StefanieMae, bless you for going so far out of your comfort zone and sharing something deeply personal to help someone you don’t even know, out of concern for her and her little girl.
Mae<3
TeriI can’t believe this post is still alive……………….there must be a guiness world record here………………GEEEZ when or where does it ever end???? 800+….and counting.
LucyOh Beth., we are al depressed
NewbieThat was a long search, since the search machine still doesn’t work.
I’m posting this for Susan. But also as a cheer to Beth. Hope you’re doing ok, girl and got back on track.
HannahI hope she is too. She emailed me a few times and then I heard nothing. This was an epic nightmare but I hope it was resolved in a positive way.
MaeI’ve been wondering about this all along, but didn’t want to stir the pot. I sincerely hope Beth has been taking this time to reflect on herself and her daughter. Recent worldly events will hopefully put things of this scale into perspective.. for us all.
BamBamSome threads should be deleted never to see the light of day again and this is one of them. Epic only because the poster wouldn’t listen to any advice given and kept going over the same ground.

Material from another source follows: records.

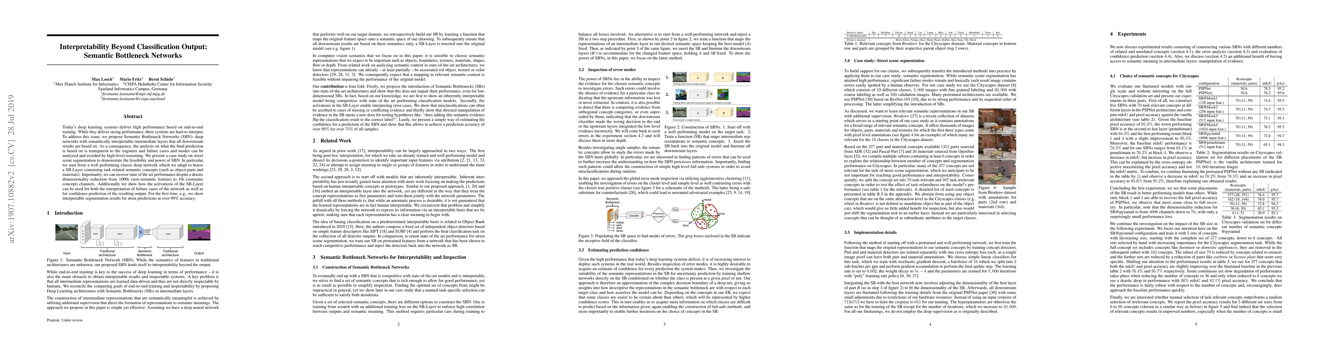 Today's deep learning systems deliver high performance based on end-to-end training. While they deliver strong performance, these systems are hard to interpret. To address this issue, we propose Semantic Bottleneck Networks (SBN): deep networks with semantically interpretable intermediate layers that all downstream results are based on. As a consequence, the analysis on what the final prediction is based on is transparent to the engineer and failure cases and modes can be analyzed and avoided by high-level reasoning. We present a case study on street scene segmentation to demonstrate the feasibility and power of SBN. In particular, we start from a well performing classic deep network which we adapt to house a SB-Layer containing task related semantic concepts (such as object-parts and materials). Importantly, we can recover state of the art performance despite a drastic dimensionality reduction from 1000s (non-semantic feature) to 10s (semantic concept) channels. Additionally we show how the activations of the SB-Layer can be used for both the interpretation of failure cases of the network as well as for confidence prediction of the resulting output. For the first time, e.g., we show interpretable segmentation results for most predictions at over 99% accuracy.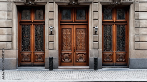 A building facade featuring symmetrical wooden doors with intricate carvings and ironwork, set within a stone surface. There are two wall-mounted lamps flanking the central entrance.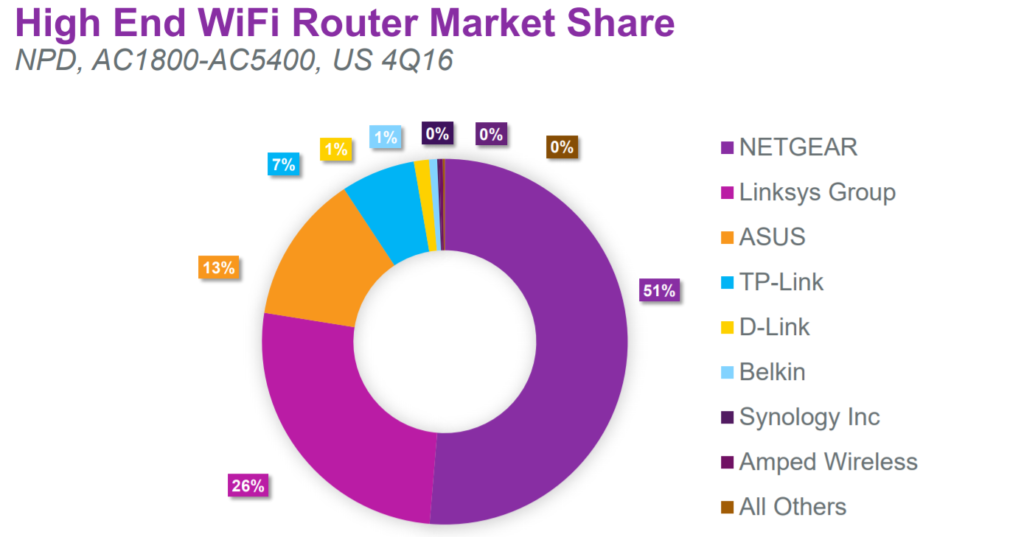 Penjualan yang sangat kecil dari Synology Inc dan Amped Wireless (0%), pada saat yang sama, hampir setengah dari segmen pasar ditempati oleh Netgear. Dan ini memang layak: ini memberikan kontribusi yang signifikan terhadap pengembangan teknologi Internet nirkabel.
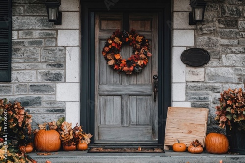 Obraz premium Autumnal Doorway Decor with Pumpkins and Wreath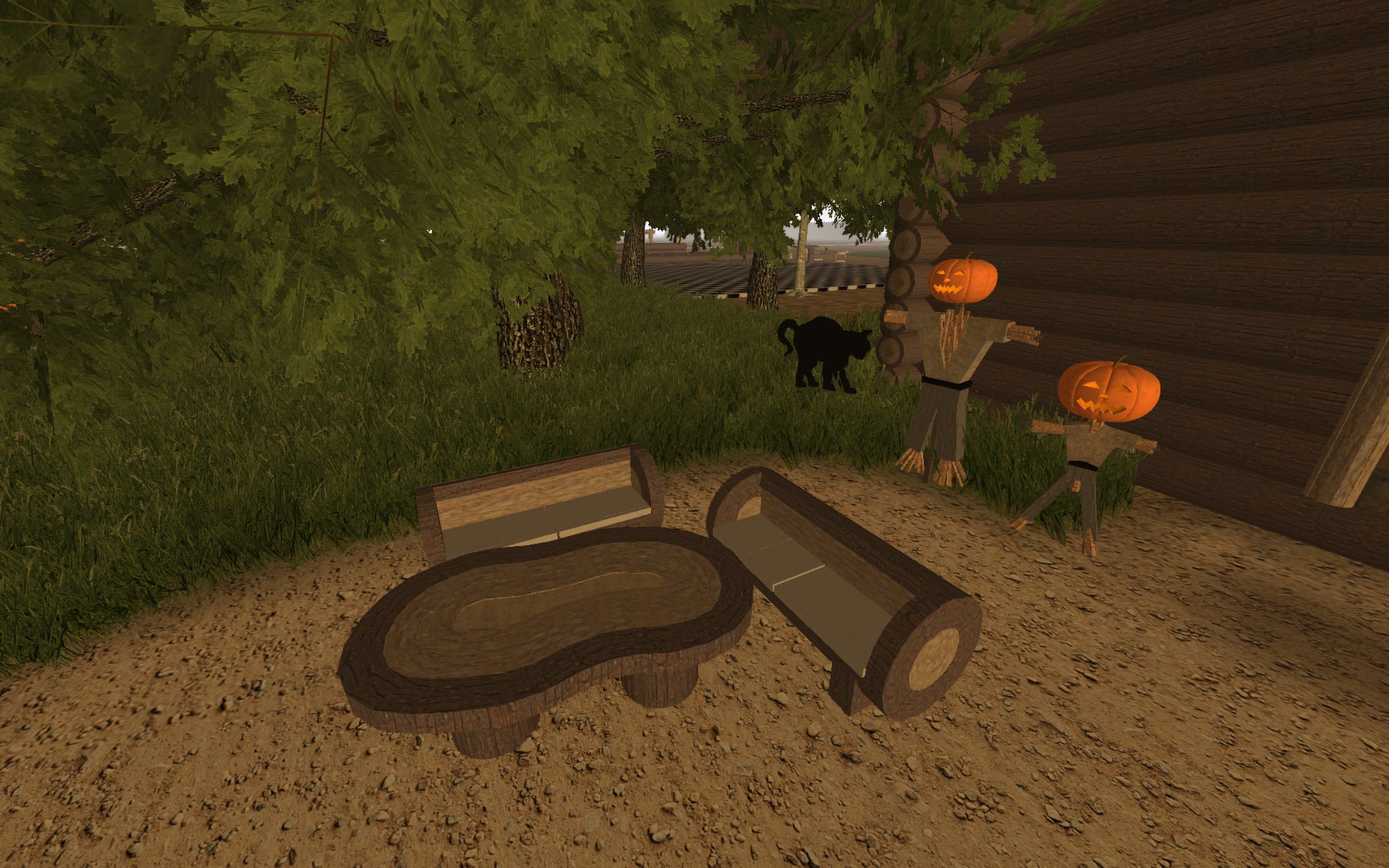 couch und tisch aus naturholz, ein vogelhexenhäuschen und die beiden vogelscheuchen.

Kind of like some other people who have been posting here for months and not changing anything but still complaining of the same things.
MaeWell, she did leave this forum which we all eventually agreed was a first step in the right direction.
ItAhiAHi all, wow this was definitely a very long forum, I related to many of the advices, read them all yesterday. I too hope Beth is doing better. I also agree with some of the people who thought this was not a real person. Anyway can anyone tell me how to post a question of my own. I really need some type of guidance, not that most of the things said in this forum are not guidance enough but I would like to start my own question.
vanessago to the top and click “forum”. Select a category, i.e. dating advice. Scroll all the way to the bottom where you’ll see an input box similar to what you saw when you typed in this comment.
VanThis is the short attention span of many guys (few exceptions). They don’t judge time the same as women. 3, 4, 7 months is a long time for them. He’s tired of the relationship now, and wants you to back off now…no longer interested.
I’m sorry you’re going through this, but you have no choice but to back off. Stop calling/texting him, because he’s going to hurt your feelings every time….
ItAhiAThanks Vanessa, I got it YEY!!! GO take a look if you can SMILE
HannahShe was real, trust me! I know who she is off the site. And she was taking advice. She was getting therapy and trying to do what we told her. She was a terrible communicator though and that didn’t come across at all on here. I think she needed a lot of help and more than we could give her. I just hope she got it!
ItAhiAYeah me too!! I can truly relate to what she was going through!